We observed a significant effect of the genotype by cutting interaction for all eight traits analyzed, so the genomic association study was conducted by considering a single cutting at a time. The lack of genetic variability (i.e., for biomass digestibility) revealed by the ssGBLUP analysis does not mean that there was no genetic variability, because the interaction effect may have reduced it. Residual terms were added to the ssGBLUP model to capture nonadditive effects. For crops that exhibit clonal propagation and are not lines (such as elephant grass), nonadditive effects represent epistatic and dominance effects [22], and additive effects were not explained by the genomic relationship matrix, so these effects would not have inflated the residual estimates or overlaid the other effects. The nonsignificant residual genetic effect for the biomass quality traits indicates that part of the additive fraction that plays a role in the genetic architecture of these traits could be explained by only a few markers (87 alleles).
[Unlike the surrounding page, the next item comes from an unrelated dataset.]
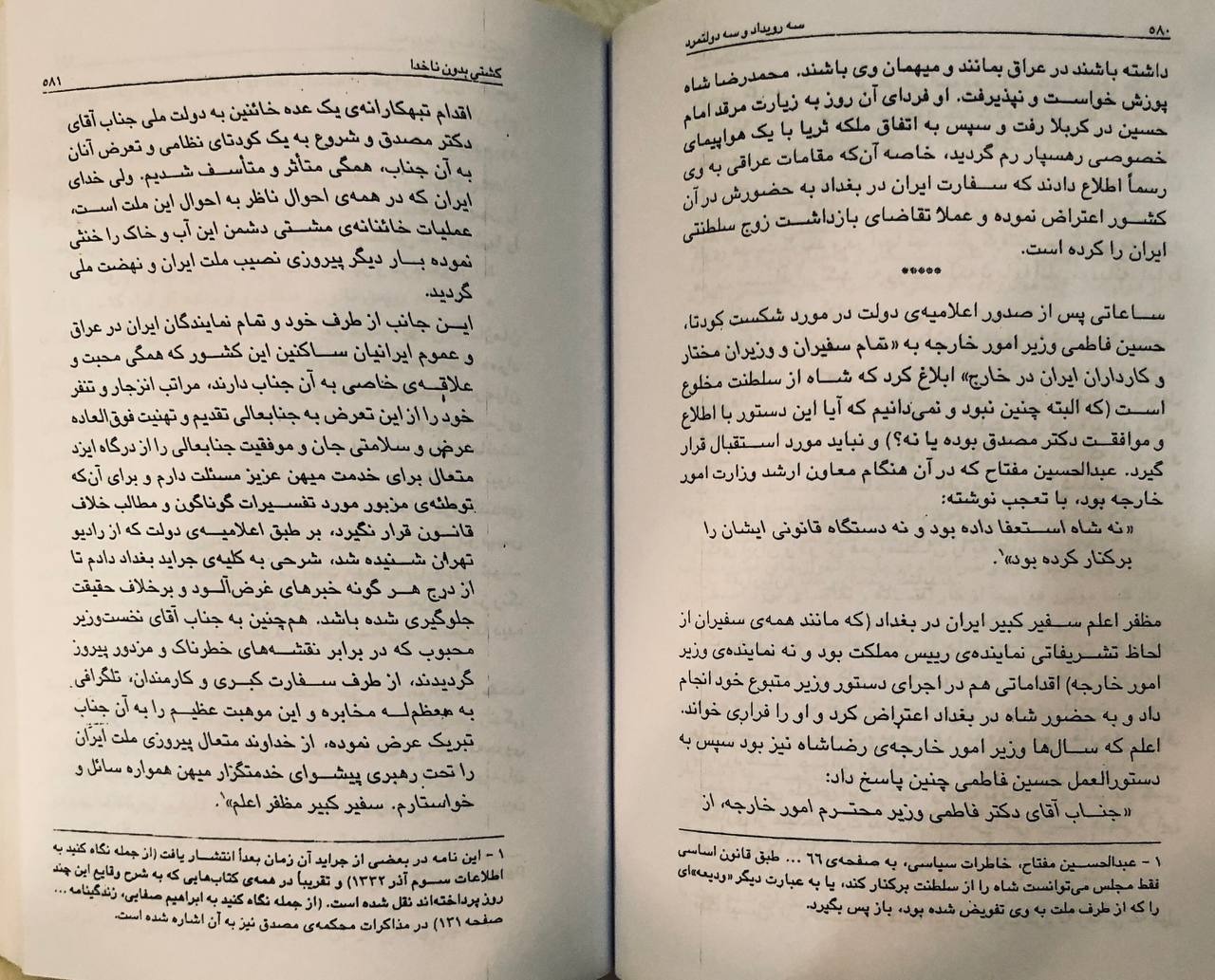 سه رویداد و سه دولتمرد، چنان که در عنوان کتاب هم آمده، تاملی است در باره یک دهه تاریخ معاصر ایران که پس از گذشت بیش از نیم قرن، نه تنها از دیدگاه تاریخی و تاریخ، بلکه از نظر سیاسی مورد بحث و حتی مجادله ی بسیاری از صاحب نظران است.

For the morpho-agronomic traits the residual genetic effect was significant, so the genomic relationship matrix constructed from 87 markers did not explain the additive genetic fraction for height, green biomass, and dry biomass.

Predictive accuracy

Cell component fractions that could affect forage digestibility include cellulose, lignin, hemicellulose, and cell wall proteins [23]. Therefore, biomass digestibility is dependent upon several components which makes it a complex trait that may be explained by the fact of the accuracy has been moderate magnitude considering the genomic information. Recent transcriptomic and genomic studies [7, 11,12,13] and the development of SNPs for elephant grass [12] have increased accuracy, and studies using molecular markers have been important for the development of SNP markers. New genotyping, sequencing, and bioinformatics tools have increased accuracy and decreased the price per sequenced base or molecular genotype [14], and selection time [24].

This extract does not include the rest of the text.